## PROBLEM REQUIREMENTS
Reproduce only this range: the line holding "de La Granja." through the last line of the data below, both included, exactly, with no pictures.
══ DATA SEGMENT ══
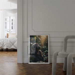 Step into the heart of the forest with this touching portrait of a baby gorilla nestled among the trees, surrounded by the vibrant greenery of its natural habitat, looking upwards while a streak of light paints its face. This artwork captures the endearing innocence and quiet curiosity of one of nature’s most cherished creatures.
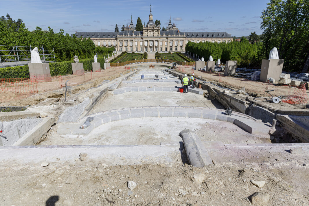 “Es una obra complicada”, asegura la arquitecta de Patrimonio Nacional María Corzo, aunque insiste en que “va bien”, con un 30 por ciento de ejecución y llegará a punto para cumplir con los plazos acordados que terminarán en junio de 2026. Con una inversión de seis millones de euros devolverán a La Cascada “un estado de conservación bueno” para que pueda volver a funcionar y sumarse al circuito de puesta en marcha de las fuentes ornamentales del Palacio de La Granja.
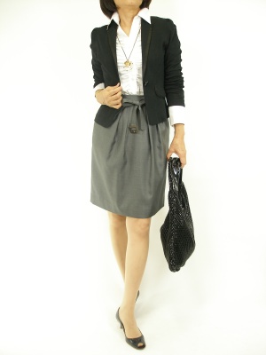 パリッとした雰囲気ですが、実は楽チンコーディ。随所にカットソーが使ってあるので体に優しいですよ!スタイリッシュ度90%、エレガンス度10%。
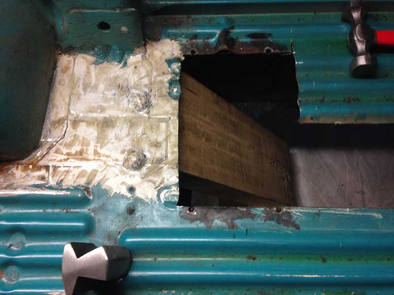 Ik heb het rotte deel er eerst grof uitgeslepen, daarna het gat strookje voor strookje groter gemaakt.
═══
## EXERCISE RESPONSE
 “Es una obra complicada”, asegura la arquitecta de Patrimonio Nacional María Corzo, aunque insiste en que “va bien”, con un 30 por ciento de ejecución y llegará a punto para cumplir con los plazos acordados que terminarán en junio de 2026. Con una inversión de seis millones de euros devolverán a La Cascada “un estado de conservación bueno” para que pueda volver a funcionar y sumarse al circuito de puesta en marcha de las fuentes ornamentales del Palacio de La Granja.
 パリッとした雰囲気ですが、実は楽チンコーディ。随所にカットソーが使ってあるので体に優しいですよ!スタイリッシュ度90%、エレガンス度10%。
 Ik heb het rotte deel er eerst grof uitgeslepen, daarna het gat strookje voor strookje groter gemaakt.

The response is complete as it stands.